MP: I wouldn’t call their relationship particularly healthy but I do think there is a love there. Carmen is completely new to José and unlike anything he has experienced in his life which I think leads to his obsession with her and his tendency to get violent when it comes to defending their relationship.

I think that Carmen becomes surprised and scared as she develops true feelings for what should have been just another soldier. Its a bit of a rough combination that ends up collapsing into itself.

OW: At what point do you think he loses control and gives in to increased insecurity?

MP: José really begins to lose his control right after he abandons the military to become a bandit. Having to see how Carmen lives her life from the inside drives him constantly to jealousy and pushes him further to his violent tendency. When Carmen reads that she’ll lose her life from the Tarot cards, the relationship loses its momentum and fades away.

OW: You’ve sung both Bizet’s original and this adaptation “La Tragédie de Carmen?” What are the differences between singing the two versions?

MP: The biggest difference between “Carmen” and “Tragédie” is the time between José’s major musical moments. “Tragédie” removes a large portion of music that would normally give me a break before I have to come sing my next scene.
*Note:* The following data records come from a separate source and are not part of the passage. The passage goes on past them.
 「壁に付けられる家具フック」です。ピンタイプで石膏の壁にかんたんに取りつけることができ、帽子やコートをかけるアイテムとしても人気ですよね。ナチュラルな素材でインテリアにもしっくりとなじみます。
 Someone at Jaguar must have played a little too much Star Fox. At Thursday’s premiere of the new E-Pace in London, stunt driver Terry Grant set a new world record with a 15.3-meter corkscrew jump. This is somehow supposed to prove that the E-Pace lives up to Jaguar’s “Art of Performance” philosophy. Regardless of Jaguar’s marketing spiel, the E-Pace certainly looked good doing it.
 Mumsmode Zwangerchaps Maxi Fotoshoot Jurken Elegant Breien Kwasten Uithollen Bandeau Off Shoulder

As a result “Tragédie” is a fairly difficult sing. It takes a pretty solid grasp of the music technically to pull off, especially since the Flower aria comes after the intense Escamillo fight duet.
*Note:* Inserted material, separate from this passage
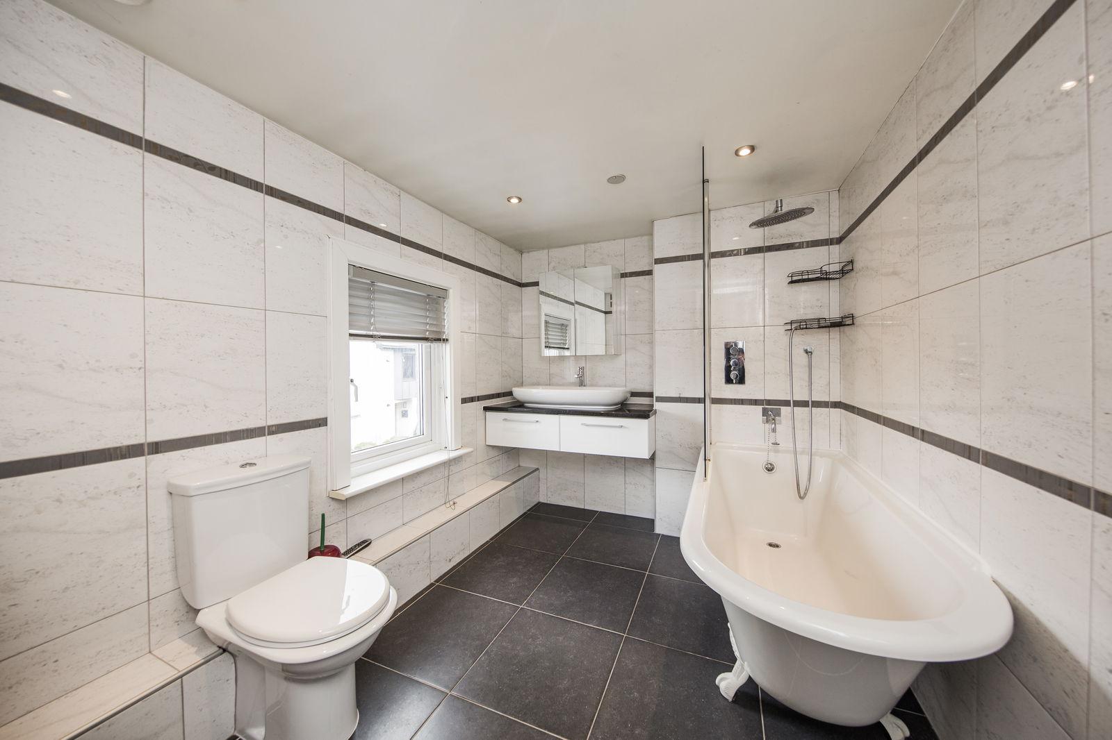 BATHROOM: Claw foot bath tub with wall mounted tap and separate thermostatic control shower over bath with waterfall head and glass screen, wash hand basin mounted on counter with drawers below and medicine cabinet, WC. Tiled walls and tiled floor with underfloor heating, heated towel rail, ceiling spotlights, ceiling speakers. Double glazed window to side.

OW: How does the character of José change from one version to the other? How do his relationships, particularly with Carmen, change in the “Tragédie?”

MP: José is particularly more violent in “Tragédie” as well. His character development is reduced to his most emotionally intense scenes and he gets to kill a few more people as well.

“Tragédie” really focuses on José and Carmen’s relationship, which doesn’t really see much of a change from the original in my point of view. That said, his relationships with the two other main characters are pretty loose. José and Micaëla don’t really have a relationship arch. They sing their duet right off the bat and then don’t have a moment together again. José fights with Escamillo and then doesn’t see him again which I suppose is basically the same as Carmen as well.

OW: What is your favorite musical moment to perform and why?

MP: My favorite scene to sing has to be the final scene/murder of Carmen in both shows. How often does a tenor get to be genuinely menacing and murderous? Not often enough.

OW: And what about the most challenging moment in the opera to sing?

MP: The Micaëla duet is actually one of the more nerve-wracking parts for me to sing. It keeps you smack dab in the middle of the passagio for its entirety and is just a generally difficult way to start a show. But, if you have a good run at the duet, you can rest easy knowing the remainder of the show will probably go well too.

OW: How has this production with City Lyric Opera developed your understanding of the opera and character?

MP: “Tragédie” is a particular challenge because, in a show that runs around 90 minutes, there is not a lot of time to establish and develop the character. “Tragédie” has given me the opportunity to find new places to give glimpses into the mind of José, particularly in the Flower Aria. In “Carmen,” José is trying to prove his love to Carmen when she begins to mock him. In “Tragédie,” the aria comes immediately after Escamillo makes his play at Carmen so there is a deeper sense of desperation behind the aria as José must prove better than Escamillo. New perspectives of time-proven arias always make for a good time.

OW: What comes next after this run of performances?

MP: There are some not yet official things in the works but my next official project is covering as The Governor with the New York Philharmonic in a new David Lang opera, “Prisoner of the State.” After that, I will be headed to Chautauqua for the summer with the Chautauqua Institute Voice Program to sing Tebaldo in “I Capuleti e i Montecchi.”